A handout image shows a prototype of California startup Astrolab's Flex lunar rover

US start-up unveils next-gen space rover

Image credit: ASTROLAB/Handout via REUTERS

A California-based start-up has unveiled a full-scale, working prototype for a next-generation lunar rover that it says can do much more than Nasa’s old ‘Moon buggy’.

The company, Venturi Astrolab Inc, released photos and video showing its Flexible Logistics and Exploration (FLEX) vehicle riding over the rugged California desert near Death Valley National Park during a five-day field test in December 2021.

Astrolab executives said they have designed the four-wheeled, car-sized FLEX rover for Nasa’s Artemis programme, aimed at returning humans to the Moon as early as 2025 and establishing a long-term lunar colony as a precursor to sending astronauts to Mars.

“For humanity to live and operate in a sustained way off Earth, there needs to exist an efficient network all the way from the launchpad to the ultimate outpost,” Astrolab founder and CEO Jaret Matthews said in a statement announcing the rover’s development.

Unlike the 1970s Apollo-era Moon buggies or the current generation of robotic Mars rovers tailored for specialised tasks and experiments, FLEX has been designed as an all-purpose vehicle that can be driven by astronauts or by remote control, according to its creators.

Built around a modular payload system inspired by conventional containerised shipping, FLEX is versatile enough to be used for exploration, cargo delivery, site construction, and other logistical work on the Moon, the company said.

Other aerospace companies have announced new lunar rover design concepts, “but so far I believe, we’re the only ones who have produced a working prototype of this scale and capability,” Matthews told news agency Reuters.

California startup Astrolab has released images of the company’s Flex lunar rover

Image credit: ASTROLAB/Handout via REUTERS

If Nasa adopts FLEX and its modular payload platform for Artemis, it will become the first passenger-capable rover to ply the lunar surface since Apollo 17, the last of six original US manned missions to the Moon, in December 1972.

Apollo 17’s lunar roving vehicle set a Moon speed record of 11 miles per hour (17.7 km/h). FLEX can move just as swiftly, according to Astrolab.

Apollo astronauts found “they spent just as much time off the ground as on it at that speed, so it’s a kind of practical limit for the Moon,” where gravity is one-sixth that of Earth, said Matthews, a former rover engineer for Nasa’s Jet Propulsion Laboratory.

While Apollo rovers carried up to two astronauts seated at its controls like a car, FLEX passengers – one or two at a time – ride standing in the back, driving the vehicle with a joystick.
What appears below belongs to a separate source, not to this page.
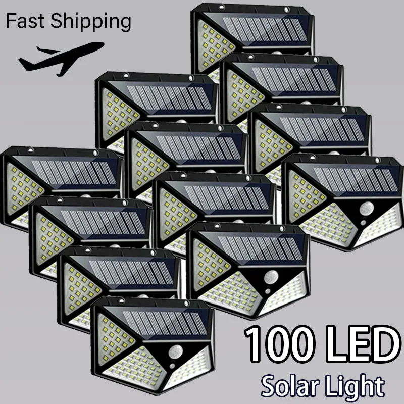 100 LED Solar Wall Lights Outdoor Solar PIR Motion Sensor Lamp Waterproof Solar Street Light for Ga…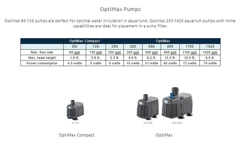 OptiMax 85i is a compact, lightweight and powerful adjustable flow aquarium pump. Pumping up to 85 gph powered with a 6' foot power cord. Designed for submersed only operation, for both fresh and marine water.. Box includes suction cups of secure mounting and quite operation. Can be used as a wave maker pump as well. Energy efficient with a power consumption of 4 watts

The company explained that the rover itself, with a Jeep-like wheelbase, weighs just over 1,100 pounds (500kg) but has a 3,300-pound cargo capacity, about the same as a light-duty pickup truck.

With its solar-powered batteries fully charged, the vehicle can drive two astronauts for eight hours straight and has sufficient energy capacity to survive the extreme cold of a lunar night, up to 300 hours in total darkness, at the Moon’s south pole, Matthews said.

During the field test at the Dumont Dunes Off-Highway Recreation Area, the rover was piloted by retired Canadian astronaut and Astrolab advisory board member Chris Hadfield and MIT aerospace graduate student Michelle Lin.

The video (see below) shows the pair dressed in mock spacesuits riding on the vehicle over a sand dune and using it to set up a large, vertical solar array.